Verwandte Nachricht: Open source forkers stick an OpenBao in the oven

  • Als Reaktion auf HashiCorps Einführung einer wettbewerbsbeschränkenden Lizenz für die Terraform-Software wächst innerhalb der Linux Foundation die Bewegung, eine Open-Source-Alternative zu Vault, HashiCorps Projekt für Geheimnisverwaltung, zu unterstützen.
  • Auf dem Open Source Summit in Tokio stellte Sebastian Stadil, Mitgründer und CEO von Scalr sowie Organisator des OpenTofu-Projekts, eines Forks von Terraform, OpenBao vor.
  • OpenBao ist ein Fork von Vault und hilft Entwicklern bei der Verwaltung von Passwörtern, Tokens, Zertifikaten, API-Schlüsseln und Ähnlichem.
  • HashiCorp hat Vault und andere Software auf eine Business Source License umgestellt. Dadurch ist es konkurrierenden Cloud-Unternehmen untersagt, diese Software als Konkurrenzprodukt anzubieten.

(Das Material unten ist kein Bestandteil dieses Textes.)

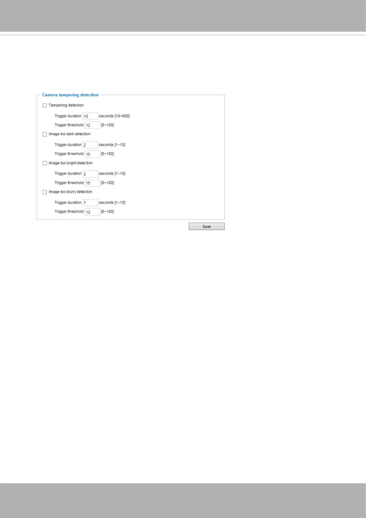 1. Click to select the checkbox before tampering conditions: Tampering detection, Image too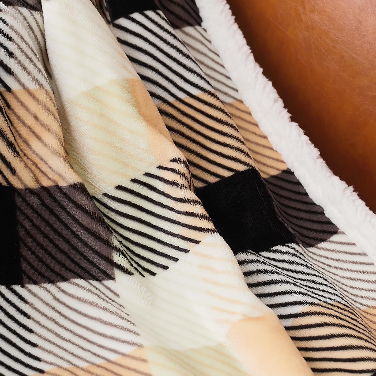 Touchat Sherpa Plaid Twin Blanket 60" X 70", Fuzzy Fluffy Soft Cozy Throw Blanket, Twin Size Plush Fleece Flannel Plush Microfiber Blanket for Couch Bed Sofa (Brown Color)

Als Reaktion darauf haben Wettbewerber den Vault-Code unter der OSI-konformen Mozilla PLv2 geforkt.
  • Das OpenBao-Projekt wird von der Linux Foundation vorangetrieben, wobei IBM-Entwickler es über LF Edge führen. Das Projekt ist von IBM bislang noch nicht offiziell genehmigt, und um von der Linux Foundation anerkannt zu werden, muss es bestimmte Kriterien erfüllen, die seine Nachhaltigkeit belegen.
  • Zu HashiCorps Gründen für die Lizenzänderung bei Terraform wurde angemerkt, dass HashiCorp vermutlich Geld verbrennt und angesichts steigender Zinsen Maßnahmen zur Umsatzgenerierung ergreifen werde.
  • HashiCorp meldete für das dritte Quartal 2024 einen Umsatz von 146,1 Millionen US-Dollar, was einem Anstieg von 17 % gegenüber dem Vorjahr entspricht.
 
GN⁺ 2023-12-10
Hacker-News-Kommentare
  • Aktuelle verwandte Nachricht: HashiCorp Vault wurde zu OpenBAO geforkt

    • Im Dezember 2023 wurde auf Hacker News lebhaft über OpenBAO diskutiert. Es befindet sich noch in einem frühen Stadium und ist noch nicht einsatzbereit, bietet aber viele Möglichkeiten, Beiträge zu leisten.
    • Wer beitragen möchte, kann dem Matrix-Chatraum beitreten oder sich in die Mailingliste eintragen.
  • Meinung eines Nutzers der kostenpflichtigen Version von HashiCorp Vault

    • Wird wegen der Integration mit On-Premises-HSMs und zur Einhaltung von FIPS verwendet. Dem Nutzer ist keine Software bekannt, die zusammen mit HSMs so leichtgewichtig und einfach einsetzbar ist wie Vault. Verwendet werden die Speicherung der Signatur einer Intermediate-CA sowie das automatische Unsealing von Vault durch die Ablage von Shards im HSM. OpenBAO erfüllt diese Anforderungen nicht.
  • Ausdruck von Vorfreude auf einen Nomad-Fork

  • Sorge über einen "Glaubenskrieg" unter Entwicklern bei Secret-Management-Tools

    • Besorgnis über die Instabilität von Tools zur Verwaltung von Passwörtern und Zugangsdaten. Das reicht vom lästigen ständigen Aktualisieren von Namen in YAML-Dateien bis hin zur weitergehenden Sorge, dass ein böswilliger Entwickler absichtlich Sicherheitslücken einbauen könnte. Es wird gefragt, ob es irgendeine Garantie gibt, dass so etwas nicht passiert.
  • Bereitstellung von Links zur OpenBAO-Entwicklung

  • Dank für den Open-Source-Fork und zugleich der Wunsch, Vault und Consul künftig zu meiden

    • Es besteht der Eindruck, dass diese Software den Nutzern in den letzten Jahren die Arbeit schwerer gemacht hat.
  • Betonung der Bedeutung von OpenBAO-Sicherheit und Nutzervertrauen

    • Der Hinweistext mit der Bitte, in Vault gefundene Sicherheitsprobleme verantwortungsvoll offenzulegen, sollte laut Anmerkung von "Vault" auf "OpenBAO" geändert werden.